At the end of last week, a fax was sent to The Oracle by Michael Reich, USF director of media relations, regarding interviews requested by a reporter with USF President Judy Genshaft. As the general tone of the message is relevant to all students, it is reprinted here in its entirety:
“My apologies for the delay, but we wanted to give your interview request our full consideration. We are declining it. You asked us to provide the reason if we decline it, which I will do even though I’m sure you will take issue with it. Simply put, we don’t believe you will treat her fairly, so we don’t see it as a wise use of her time right now.
“On the calendar….The president’s office made an administrative decision to stop posting the calendar to the Web. We will not offer any more information than that.”
Reading the quoted fax, the message is clear: The president of USF will not talk to The Oracle because it is not “a wise use of her time.” Further, the schedule of the president’s appointments is not published online anymore, which is a direct violation of the Florida Constitution, Section 24b, because it restricts The Oracle’s ability to cover meetings the president might attend. Such meetings are public record, and restricting access to when and where said meetings are to be held is, therefore, illegal.

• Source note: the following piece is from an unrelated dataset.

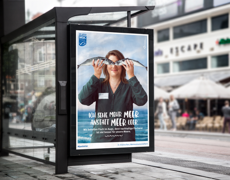 The keynote speeches were given by the Managing Director of the MSC, Rupert Howes, and the Schleswig-Holstein Minister of the Environment Robert Habeck. In the subsequent panel discussion, representatives of fisheries, trade, environmental organizations and science discussed what has happened in these 20 years, if ecolabelling works (yes!), and what challenges await the MSC in the coming years. The anniversary is accompanied by a publicity campaign - one of the posters shows the Thünen fish researcher Dr Kristina Barz (see picture).

Because The Oracle is a free publication for to all who want to read it — be it one of the paper copies distributed across campus or its online counterpart — it is the biggest source of information readily available free of charge to every USF student. Yet, talking to The Oracle, whether a one-sentence statement or a half-hour interview, is not “a wise use of (Genshaft’s) time” because The Oracle supposedly “would not treat her fairly.” Genshaft is suggesting the paper would fabricate statements, something that has never happened in the past and would not happen in the future as it would be highly unethical.
Apparently, her vow of silence extends even farther than that, as the faculty also repeatedly requested a dialogue with Genshaft but have been adamantly ignored. These are the faculty teaching classes at this university, and they are more than unhappy. If even some leave, this place will be unable to function as an institution of higher education. The faculty and its needs deserve to be respected for the work that attracts students to USF.
Yet, Genshaft refuses to comment on this case, not to mention her lack of comment on the nationally publicized case of Sami Al-Arian and his indictment as a supposed member of a terrorist organization. Wouldn’t her thoughts on the matter interest the students she is paid to represent?
Genshaft represents the university that will one day be on my resume and is paid with the tuition collected from students. I think I have the right to demand that she do her job, and abide by the rules so that I and fellow reporters can do ours.
Asking questions that might be uncomfortable to answer and reporting the answers truthfully is the job of a reporter just as much as it is Genshaft’s job to be readily accessible.
If she really is intimidated, as she has repeatedly claimed, by the questions asked by a bunch of 20-somethings, maybe she should have chosen a different job. As Genshaft recently signed a new contract, she will remain our president for some time and should start acting accordingly.